Joan Bantz, Office: Lab I, 3011
Office Hours:     T/TH 3:00-5:30 p.m., And By Appointment
email:    bantzj@evergreen.edu
Voice mail: 360-867-5095
Home Page:

CRN: 40162 (GR) 40161 (UG)

Course Description:

    This course is designed to enhance understanding of how socio-political frameworks influence health care delivery and public policies. Emphasis will be given to the tension between health and health care.This course is recommended for students who wish to enhance skills and gain practical mechanisms to intervene on behalf of community, programs or institutions.

    Current debates about health care reforms rarely address social, multicultural, and political-economic assumptions that frame what it means to be “healthy.” In order to understand how our collective understanding of health (healing, illness and wellness) shape our mental constructs, our reaction to disease and ultimately our organized forms of health care delivery; this course explores the cultural dimensions of human systems, including worldviews, kinship/social organization, inequities and healthcare beliefs. (Particular attention will focus on how these constructs impact specific communities (of color, ethnicity, women, and gays/lesbians.). We will examine American health care visions and values and how key actors are often at odds with one another.

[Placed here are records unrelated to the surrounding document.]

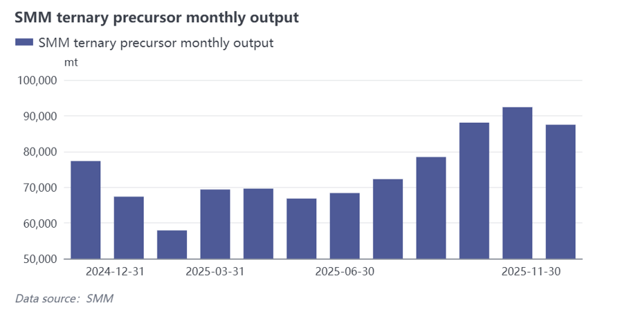 On a monthly basis, domestic ternary precursor production schedules in 2025 showed distinct seasonal characteristics. Market performance was relatively mediocre in H1, with precursor output at low levels early in the year due to the traditional off-season. Starting in March, production activities gradually recovered, driven by front-load orders prompted by rising cobalt sulphate prices. Entering H2, production schedules continued to climb in preparation for the traditional stockpiling peak season of September and October. Coupled with expectations that some NEV subsidy policies would phase out in 2026, demand was further front-loaded, pushing ternary precursor supply and demand to its annual peak in October. After the traditional peak season, front-loaded demand was largely released, downstream cargo pick-up pace slowed down, and industry production schedules are expected to weaken by year-end, entering a phase of adjustment.
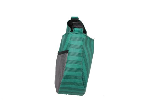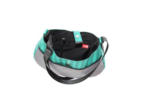 Bei dieser Tasche sind Form und Material nicht alltäglich. Die moderne Form steht in Kontrast zum Traditions behafeten Material. Die Kollektion heisst nicht von ungefähr "Zugvögel" Das Material erinnert die etwas Älteren Kunden an Sitzbezüge in den Wagons von früher. Vielleicht kommt ja auch die Erinnerung an einen Schulausflug hoch. Es war ein Fest die Sonnestoren immer wieder runter zu ziehen und hochspringen zu lassen. Jetzt findet es sich wieder in der Zugvögle-Kollektion. Die Tasche ist innen mit schwarzem Baumwollstoff gefüttert. Sie organisiert die Schlüssel mit einem Band und die anderen wichtigen Utensilien mit einer kleinen Reissverschluss Innentaschen.
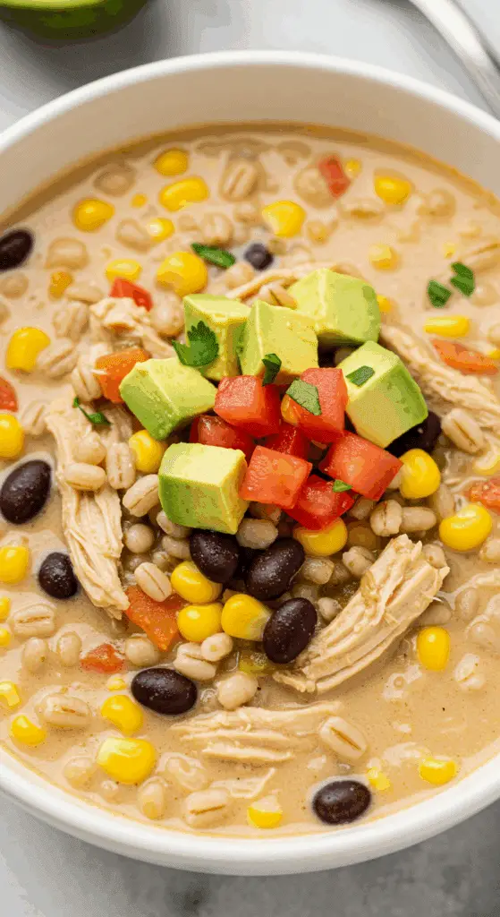 Why These Ingredients Matter: The chicken and beans provide protein, while the corn, squash, and cilantro add fiber, vitamins, and vibrant color. The barley and cream create a hearty, creamy texture, making this a balanced, nutritious chowder that’s both comforting and flavorful.
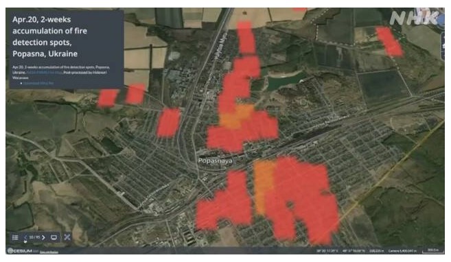 渡邉教授によりますと、人工衛星から赤外線を使って収集したデータをもとに火災の発生状況をみると、東部ルハンシク州のポパスナやルビージュネなどの都市で、ロシア軍の攻撃とみられる火災がこの1か月、相次いで起きていて、攻撃が激化している様子が確認できるということです。
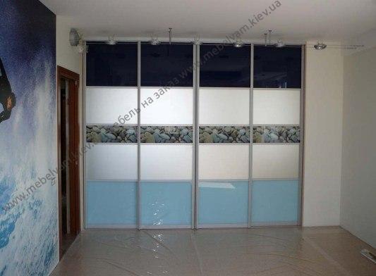 Двери купе с фотопечатью в морском стиле. Материалы: Стекло крашенное RAL 5024 Синяя пастель, RAL 5003 Синий сапфир, Фотопечать; Система STARKE - Профиль открытый, цвет Алюминий.

    People live longer and healthier lives if they eat well, are well housed, are secure from war, crime, and domestic violence, are not deranged by drugs or alcohol, if they have plenty of clean water for drinking and washing, if they breathe clean air, if they have access to basic vaccines and antibiotics, if they can exercise some sense of choice in their lives, and if they have friends and family to give life meaning. The health can depend upon how many children people have, at what age and in what kind of families, what dynamics exist inside their homes, how much money and education they have, with whom they have sex and how, and what they do with their sewage. Medicine and public health are rarely at the top of the list. Skilled medical professionals, the right drugs and the right machines all help, but they are not enough. What builds health, it turns out, also builds community, public safety, wealth, and families. These are systemic tasks that require all the energy and creative thought a community can muster, from everyone who can make a difference, from business, the media and government to the poor and un/underrepresented.

Without a broader discussion and collaboration concerning these underlying determinates, our desire for universal access to a fiscally sustainable, quality focused system of care may never be realized in the United States.

Course Objectives:

Overall, we will seek to integrate theory and practice. Specifically, this course will enhance students' abilities to evaluate the effectiveness, efficiency, and equity of health policies and programs. Upon successful completion of the course the student will have:

Required Text:  (order of reading)

Random House, 2005.
ISBN: 0375708219

Shipler, David K

The Working Poor: Invisible in America

ME Sharpe, 2005.
ISBN 0765611368

Patel, Kant and Mark Rushefsky

The Politics of Public Health in the United States

Oxford University Press, 2005.  ISBN: 0195160398

Quadagno, Jill S

One Nation, Uninsured: Why the U.S. Has No National Health Insurance

APC Books, 2005.
ISBN 0972002847

Church, Dawson and Geralyn Gendreau (Editors).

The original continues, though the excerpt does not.